The Family Coalition Party fielded several candidates in the 1990 provincial election, none of whom were elected.  Information about these candidates may be found on this page.

Candidates

Brantford: Peter Quail
Peter Quail is a cattle farmer and a seller of garden accessories. He has worked in Pakistan. In the 1980s, he was the North American distributor of a lightweight air-filtration helmet marketed for chronic and severe allergy sufferers. He served on the board of the Canadian Catholic Bioethics Institute in 2005. Quail received 1,413 votes (3.87%) in 1990, finishing fourth against New Democratic Party candidate Brad Ward.

He wrote a letter to the National Post newspaper in 1999, arguing that parents should not calculate the financial costs of having children when deciding to start a family. The following year, he wrote a letter calling for retention of the Lord's Prayer in the Legislative Assembly of Ontario. He has also written against the Kyoto Accord and has suggested that global warming is the result of a natural change in the earth's temperature.

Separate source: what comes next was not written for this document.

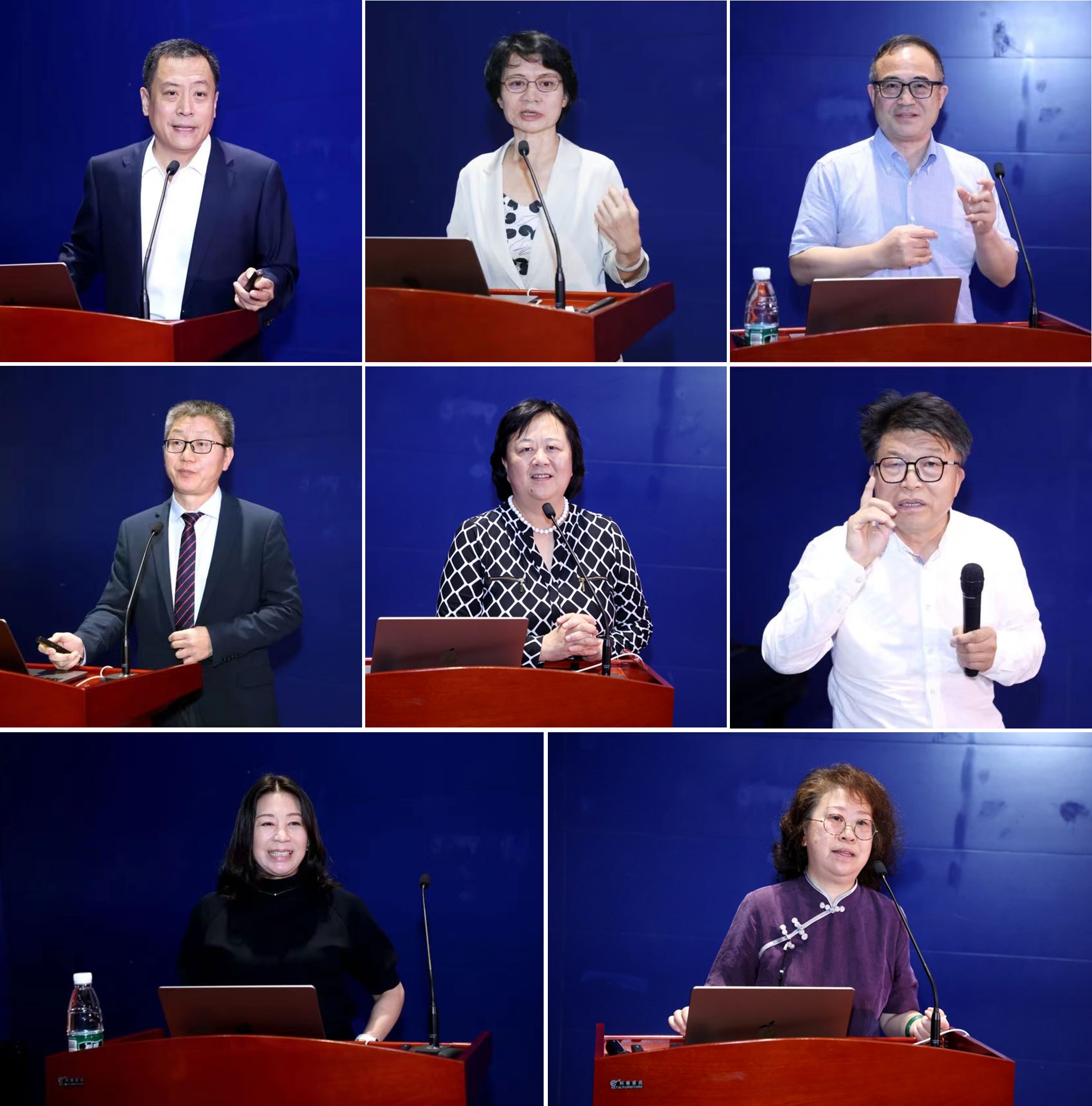 校友代表分享(从左至右、从上至下:刘旭、丁琼、李凌、范晓军、蒋宇红、年跃刚、张博苒、何永)
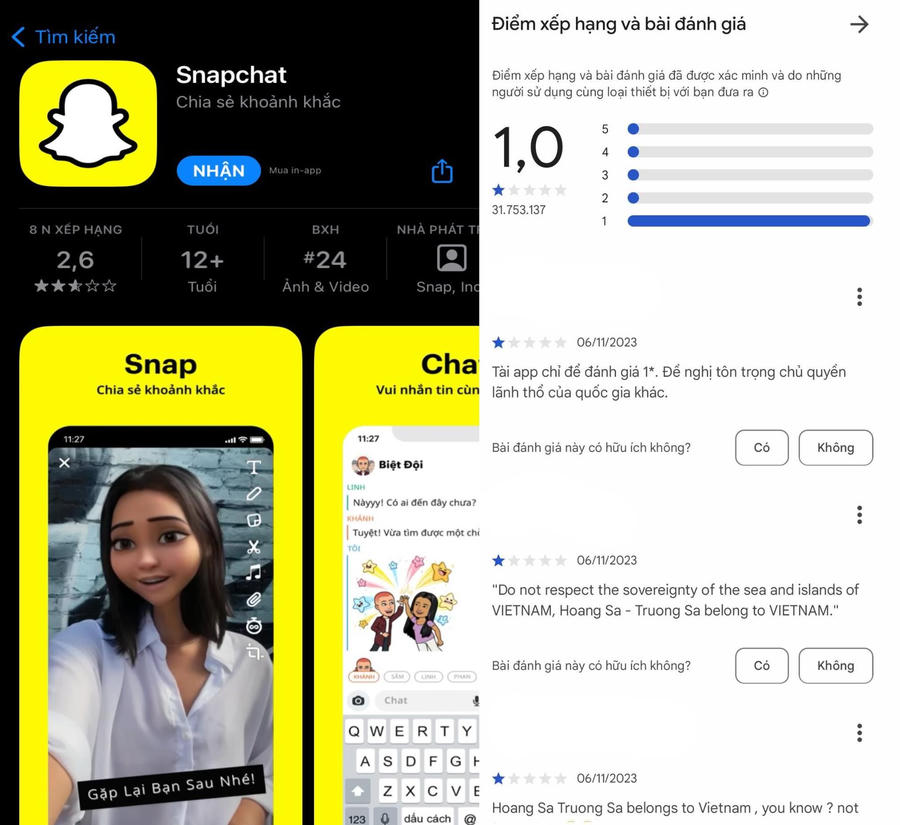 Điểm đánh giá của Snapchat trên App Store chỉ còn 2,6 sao và trên CH Play chỉ 1 sao, với số lượng đánh giá 1 sao áp đảo.

Cambridge: Anneliese Steden
Anneliese Steden was raised in Germany, spending some of her early years in a small village following World War II. She described herself as a retired nurse in 2003. She identifies as a Roman Catholic and is a veteran anti-abortion activist in Canada.

Steden has been a prominent member of the group Cambridge Right to Life for many years. During the 1980s, this group was known as one of the most active anti-abortion groups in Canada. She has also been active with Operation Rescue, a group known for its aggressive protests outside abortion clinics. She was arrested in 1998 for protesting outside a Toronto clinic in violation of a court injunction; the charge was later dismissed on a technicality. She has described her upbringing a pivotal influence on her decision to engage in civil disobedience, saying that the leaders of Nazi Germany were able to commit their crimes because of a population that passively followed authority.

As of 1999, legal abortion services were not provided in Cambridge. Steden has said that this was due, in part, to the aggressive protest activities that she took part in ten years earlier. Many supporters and detractors agreed.

Steden is also an anti-pornography activist. In 1992, she wrote an opinion piece condemning her local library for carrying an erotic book by the singer Madonna.

She has been a Family Coalition Party candidate in two elections. She also ran for a seat on the Cambridge city council in 1991, running a campaign that seems to have focused on local issues. She was fifty-four years old at the time and identified as a homemaker. In 2003, she ran for a seat on the Waterloo Catholic District School Board, opposing the presence of public health nurses in Catholic high schools.

Hamilton Centre: Jewell Wolgram

Jewell Wolgram received 365 votes (1.44%), finishing sixth against New Democratic Party candidate David Christopherson.